→ Work request: Beginning at the top of the data below, restate every line word for word until the line containing "在 BCIC-IV-2a、BCIC-IV-2b 和" has been included, and omit the pictures.

((

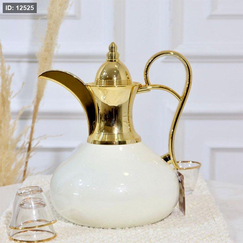 تيرموس بطة 1لتر ستانلس ابيض غطا بلاستك ذهبي كبس SS-QUEEN-10C +خ.ت
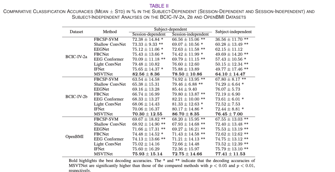 在 BCIC-IV-2a、BCIC-IV-2b 和 OpenBMI 三个公开数据集上的实验表明,MSVTNet 在被试内和被试间设置下均取得了优于多种主流方法的性能表现,尤其在跨被试泛化任务中优势明显。本文将系统介绍模型结构、实验设计以及性能分析,并探讨其在实际脑机接口应用中的潜力。
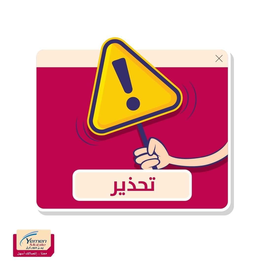 وفي حالة استلام أي رسائل أو روابط مشبوهة تدعي تمثيل شركة يمن موبايل، ينصح المشتركون بعدم النقر على تلك الروابط وعدم توفير أي معلومات شخصية أو مصرفية ، وفي حال شكوكهم أو وجود أي استفسارات، يمكنهم التواصل مع خدمة العملاء الرسمية لشركة يمن موبايل للتأكد من صحة الروابط أو المعلومات المتداوله.
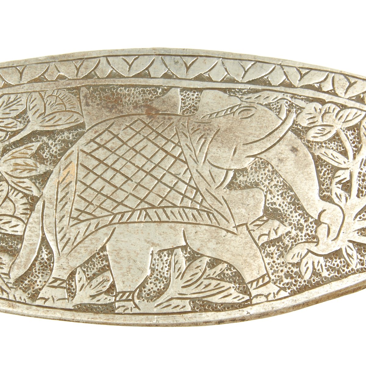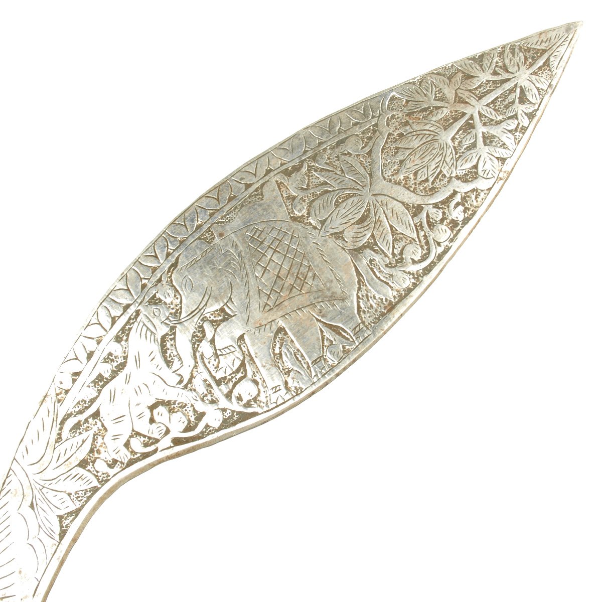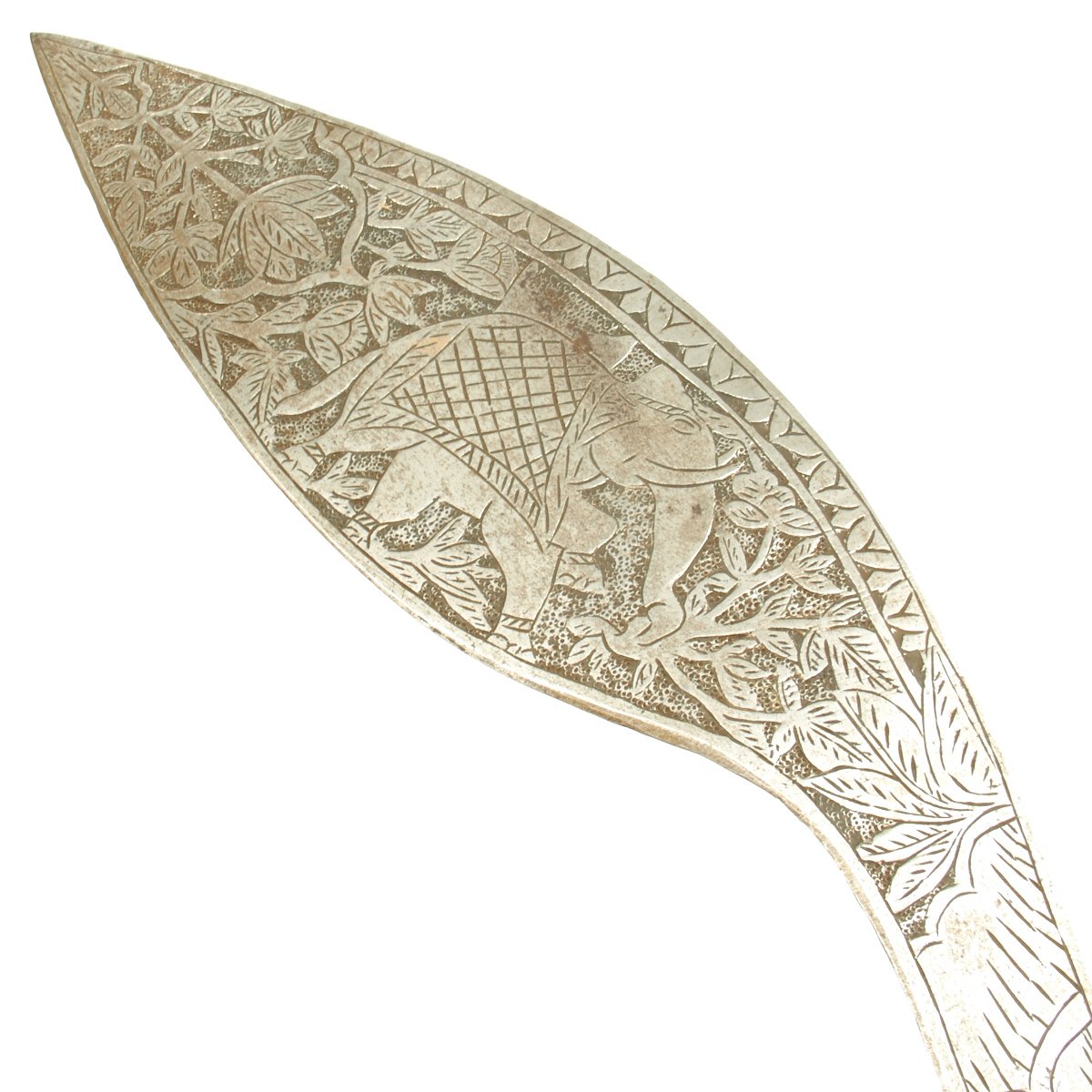 Clearly intended for Ceremonial use, this huge steel Kukri knife measures 20 " overall with a 16" long very wide blade. The blade flat is smothered all over with embossed depictions of Elephants and Tigers amid foliage.
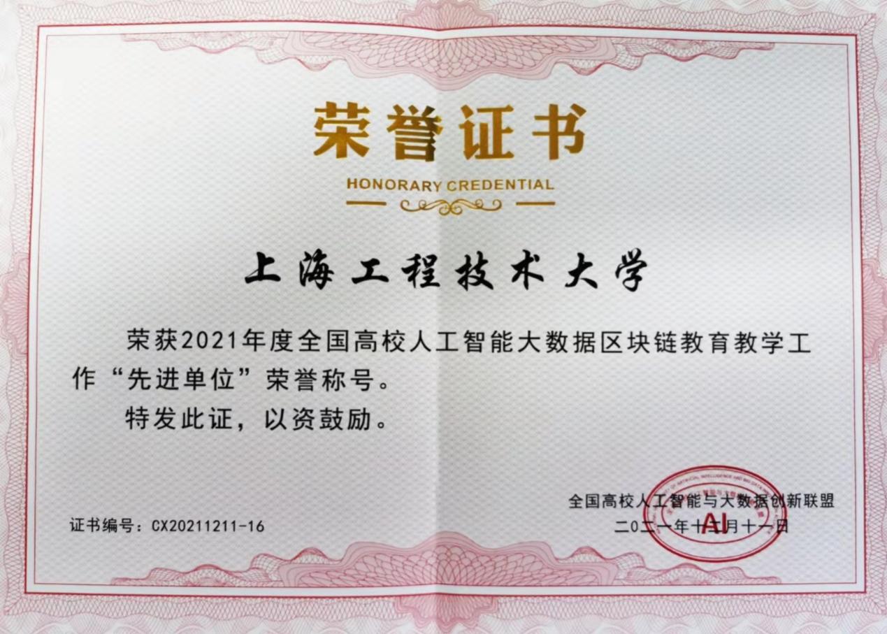公司荣获2021年度全国高校人工智能与大数据区块链公司产品工作“先进单位”荣誉称号。
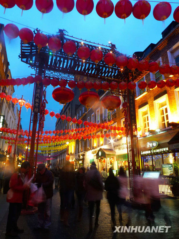2月7日,游客走在掛滿串串火紅燈籠的英國倫敦唐人街。 隨著中國傳統節日春節的臨近,熱鬧的倫敦唐人街掛起各式燈籠,營造了歡樂祥和的節日氛圍。 新華社發(齊家攝)
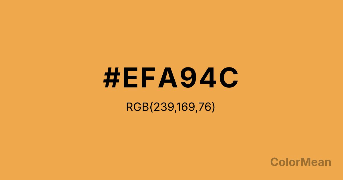 #EFA94C RGB value is (239, 169, 76). The hex color red value is 239, green is 169, and blue is 76. Its HSL format shows a hue of 34°, saturation of 84 percent, and lightness of 62 percent. The CMYK process values are 0 percent, 29 percent, 68 percent, 6 percent.
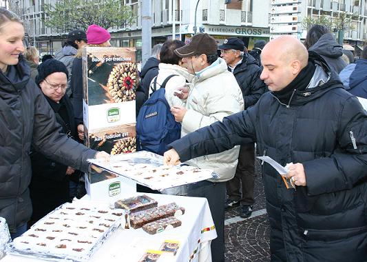 Am Nikolaustag hat die EOS der Handelskammer Bozen die Besucher des Weihnachtsmarktes in Bozen mit einem süßen Willkommensgruß überrascht. Gegenüber der Handelskammer am Eingang zum Parkhaus Bozen Mitte wurden die Leute eingeladen, die typische Südtiroler Weihnachtsspezialität zu probieren, den Zelten.

))

→ Reply:
 تيرموس بطة 1لتر ستانلس ابيض غطا بلاستك ذهبي كبس SS-QUEEN-10C +خ.ت
 在 BCIC-IV-2a、BCIC-IV-2b 和 OpenBMI 三个公开数据集上的实验表明,MSVTNet 在被试内和被试间设置下均取得了优于多种主流方法的性能表现,尤其在跨被试泛化任务中优势明显。本文将系统介绍模型结构、实验设计以及性能分析,并探讨其在实际脑机接口应用中的潜力。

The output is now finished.